The last dilemma is iterating over the nodes. Traditionally we’d just use a queue, but a linked list with two hundred million entries is…not the best. I instead used a pair of files stored on disk for each queue. For each iteration, we dequeue from our first file and enqueue to the second. At the end of the iteration, we swap which file we enqueue to and dequeue from. This ensures that we’re always performing read/writes sequentially to optimize cache efficiency, and keeps our queue size small. We can also optimize our enqueue operation by keeping a third file with just a big bitfield, such that the n’th bit is 1 if that index is already in the queue, and 0 otherwise. At each node, we can easily look up its edges in the CSR file, determine what its new cluster should be, and then write it to the cluster file. Initializing the queue can be done randomly using the “inside-out” Fisher-Yates shuffle.

Code and Conclusions

All the code for this can be found on the GitHub repo for this project. This is not a finished build. There’s a lot I still need to optimize and refine; the goal was just to get a prototype working. The biggest things I need to change are switching to mmap from fseek strategies–mmap offers better performance for random read/write to a file, but unfortunately it’s not cross-platform compatible. While there are workarounds, but I’d rather not put that burden on the user…better to just figure out how MapViewOfFile in windows.h works and use preprocessor directives to switch between depending on the platform.

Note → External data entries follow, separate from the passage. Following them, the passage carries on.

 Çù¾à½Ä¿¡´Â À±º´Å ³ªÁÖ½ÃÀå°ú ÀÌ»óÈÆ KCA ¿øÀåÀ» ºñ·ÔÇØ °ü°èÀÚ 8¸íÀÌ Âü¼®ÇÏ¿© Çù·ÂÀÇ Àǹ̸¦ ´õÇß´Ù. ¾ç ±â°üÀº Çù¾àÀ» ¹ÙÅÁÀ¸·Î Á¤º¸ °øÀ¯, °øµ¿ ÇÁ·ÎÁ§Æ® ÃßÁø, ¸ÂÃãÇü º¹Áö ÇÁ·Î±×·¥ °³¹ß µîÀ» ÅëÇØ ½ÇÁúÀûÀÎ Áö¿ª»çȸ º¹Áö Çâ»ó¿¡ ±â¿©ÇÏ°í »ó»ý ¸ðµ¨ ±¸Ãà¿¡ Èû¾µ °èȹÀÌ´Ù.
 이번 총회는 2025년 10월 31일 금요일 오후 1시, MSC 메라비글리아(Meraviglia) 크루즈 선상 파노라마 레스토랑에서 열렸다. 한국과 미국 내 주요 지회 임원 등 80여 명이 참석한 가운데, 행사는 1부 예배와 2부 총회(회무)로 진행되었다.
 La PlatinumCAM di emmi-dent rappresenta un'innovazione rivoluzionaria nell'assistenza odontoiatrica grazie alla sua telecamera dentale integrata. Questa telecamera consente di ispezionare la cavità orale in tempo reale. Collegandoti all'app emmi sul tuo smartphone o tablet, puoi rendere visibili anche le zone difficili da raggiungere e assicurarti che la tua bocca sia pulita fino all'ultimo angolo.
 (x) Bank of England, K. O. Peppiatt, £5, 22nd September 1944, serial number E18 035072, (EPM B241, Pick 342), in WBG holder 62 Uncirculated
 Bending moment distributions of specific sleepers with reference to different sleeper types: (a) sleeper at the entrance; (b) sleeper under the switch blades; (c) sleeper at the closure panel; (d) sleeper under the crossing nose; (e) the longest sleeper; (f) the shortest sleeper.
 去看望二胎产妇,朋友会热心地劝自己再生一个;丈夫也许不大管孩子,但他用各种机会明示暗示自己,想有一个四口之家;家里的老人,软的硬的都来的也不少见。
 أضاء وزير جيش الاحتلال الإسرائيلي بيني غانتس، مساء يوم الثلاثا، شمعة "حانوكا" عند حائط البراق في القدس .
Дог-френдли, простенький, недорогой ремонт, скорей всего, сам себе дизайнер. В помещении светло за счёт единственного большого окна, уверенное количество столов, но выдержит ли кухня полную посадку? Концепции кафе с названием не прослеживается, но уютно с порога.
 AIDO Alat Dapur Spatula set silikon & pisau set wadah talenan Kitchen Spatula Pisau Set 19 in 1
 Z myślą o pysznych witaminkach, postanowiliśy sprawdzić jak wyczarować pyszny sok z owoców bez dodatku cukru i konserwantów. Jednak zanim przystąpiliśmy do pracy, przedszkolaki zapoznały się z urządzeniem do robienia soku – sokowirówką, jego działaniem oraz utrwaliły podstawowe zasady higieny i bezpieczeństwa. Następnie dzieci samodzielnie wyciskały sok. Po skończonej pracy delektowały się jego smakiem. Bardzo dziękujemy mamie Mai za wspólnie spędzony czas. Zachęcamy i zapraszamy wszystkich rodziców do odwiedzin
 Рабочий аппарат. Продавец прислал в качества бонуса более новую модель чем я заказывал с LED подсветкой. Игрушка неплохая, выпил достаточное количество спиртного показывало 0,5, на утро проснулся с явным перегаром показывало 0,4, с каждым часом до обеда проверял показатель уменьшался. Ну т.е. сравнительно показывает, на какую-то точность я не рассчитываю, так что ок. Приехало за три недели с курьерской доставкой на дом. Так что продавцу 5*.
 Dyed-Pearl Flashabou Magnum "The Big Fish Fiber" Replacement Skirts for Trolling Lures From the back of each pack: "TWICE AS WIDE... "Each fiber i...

Scalability is about what you’d expect from the theoretical analysis. In some preliminary testing, my implementation scales linearly with respect to the number of nodes and number of edges. Performance is basically identical to my in-memory FLP implementation. Memory overhead is extremely low, but the cost for that is that we rely heavily on read/writes to disk, so runtime is pretty slow. My SSD-based machine could do an undirected graph with 10,000 nodes and 100,000 edges in 0.04s in-memory and just short of 70s out-of-memory. There’s definitely room for improvement! Most of the runtime is in the initial pass of reading in and indexing the nodes–the clustering itself goes very fast. Some anecdotal evidence: on an undirected graph of 2,000 nodes and 20,000 edges, reading in the nodes took 2x as long as reading in all the edges, and the clustering took less than a fifth of the time of both node and edge reading combined. I’ll probably optimize this later by changing the data structure used to store the node labels (like a trie or something).

Anyway, thanks for reading.